Добавить в цитаты Настройки чтения

Страница 3 из 14



Вначале, помню, я отвечала кратко: «У меня никогда не было этой проблемы». Потом, со временем, вопросы принудили меня эту проблему обдумать, побуждая найти ответы для себя самой. Сейчас, когда я пытаюсь изложить их, — в некотором роде систематически, в порядке важности, — я снова вижу, что их не так-то легко было произнести.

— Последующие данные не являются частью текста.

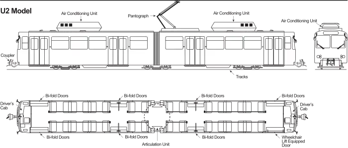 - SD-100 and SD-160 – high-floor LRV for either level boarding at high-platform stations or steps for passenger loading at street level
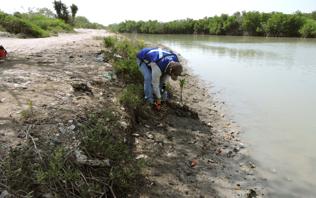 La Pesca, Soto la Marina, Tamaulipas- En el presente año el Gobierno de Tamaulipas ha reforestado más de 3 mil plántulas de mangle negro en una superficie de 3 kilómetros 350 metros lineales en la Laguna Almagre, dentro de la Laguna Madre y Delta del Rio Bravo en cumplimiento al “Proyecto Recuperación de Ecosistemas de Manglar.

Думаю, что первый и самый очевидный из них, это то, что такой меня сотворил Господь, что, подобно растениям, есть люди, для которых глубина корней определяет все, и есть другие, которые могут жить без корней. Я родилась в первой категории. Как ни слабы были мои логические аргументы, я твердо знала, я была убеждена, что, если — по обстоятельствам, не зависящим от моей воли, — я была бы вынуждена уехать окончательно, без права когда-либо вернуться, я бы не смогла этого пережить. Просто-напросто умерла бы. Даже и теперь, много лет спустя, мне неловко признаваться в этом убеждении не потому, что я не столь уже уверена в его истинности, сколько потому, что эта истинность кажется неудобной и неуместной, не вяжется с обычными мерками — как сегодня, так и тогда. Впрочем, то, что сначала было только ощущением, нашло, когда я узнала атмосферу эмиграции, логические аргументы и точки опоры. Я абсолютно уверена, что не осталась бы в живых. Второй мотив был не столь личный и не столь трудно объяснимый, как первый, но почти такой же категоричный. Мне казалось, что, уехав, я легитимизирую Чаушеску, оставлю страну ему, тому, кто тем самым докажет, что он более представительный для румынского народа, чем я, та, которая страну бросает. Вот этого я допустить не могла. Я отдаю себе отчет, отдавала и тогда, что эта казуистика в большой мере была абсурдной. Тому доказательство — что я не осмелилась никогда ни с кем ею поделиться, хотя чувствовала ее правильность. Народ целиком никогда не уходит из дома, какой бы большой ни была беда. Те, кто уходит, спасаются, кто как может, молчаливо отмежевываясь от тех, кто остается, уже одним своим решением отказываются разделить с ними судьбу. То, что Чаушеску превратил любовь к родине в позорное и корыстное циркачество, для меня не стало достаточным основанием не любить свою страну, но достаточным — чтобы не позволять себе говорить об этом. В моих ответах на навязчивый вопрос всегда присутствовала неразрывная связь со всем, что я должна была бы оставить дома, и я обходилась молчанием, как будто это было стыдно — любить ту же страну, которую, как он утверждал, любит Чаушеску.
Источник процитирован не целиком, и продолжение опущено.